Pyotr Semyonovich Vannovsky was born in Kiev to Semyon Ivanovich Vannovsky, who was from the Gentry Vannovsky family of Belarusian origin from Minsk. His father Semyon was a well-educated man who taught French in the 1st Kiev Gymnasium. And Pyotr, followed to the Vannovsky Family tradition to choose his future career at a young age, he chose to serve in the military and was strongly supported by his father. So as a result, he moved to Moscow and attended the 1st Moscow Cadet Corps, one of the best cadet corps in Russia. Upon graduating, he joined the Life Guards Finnish Regiment, and participated in the Hungarian Revolution against the Hungarian Revolutionaries and the Crimean War as part of the three Finnish battalion Vannovsky's regiment belonged to. In mid 1854, he and the battalions met the Ottomans near the Ottoman villages of Tutrakan and Silistra, and the Siege of Silistra took place. He distinguished himself as a brave but sane soldier during the siege. Later for military distinction, he was awarded the Order of St. Vladimir of the 4th degree with swords and a bow, and was subsequently appointed the commander of his own regiment.
After hostility ended in 1857, he became the head of several military schools, and thanks to his efforts, many infantry officers had been trained to take up the post of small unit commander and managing weapons, and those who graduated in the first category was granted the next rank ahead of the schedule. He was later promoted to major-general in 1861.

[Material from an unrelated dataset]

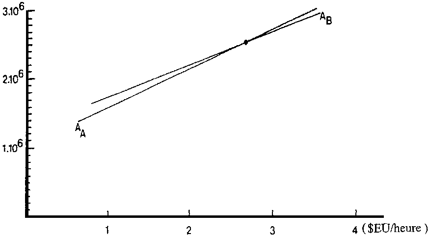 AA = AB1 093 144 + 530 690 × CL = 1 227 747 + 484 600 × CL, donc CL = 2,92 $EU/h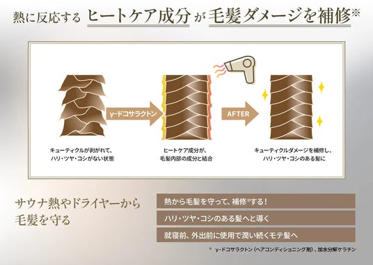 熱に反応するヒートケア成分が毛髪ダメージを補修。サウナ熱やドライヤーから毛髪を守る。ハリ・ツヤ・コシのある髪へと導く。

In 1868, he was promoted to lieutenant-general and was appointed commander of the 12th Infantry Division, this division consisted of the 46th Infantry Regiment of the Dnieper, the 47th infantry Ukraine regiment, 48th infantry Odessa Emperor Alexander I regiment. Later he was then appointed chief of staff of the 12th Army Corps in 1871, in which he eventually commanded in the Russo-Turkish War in 1877.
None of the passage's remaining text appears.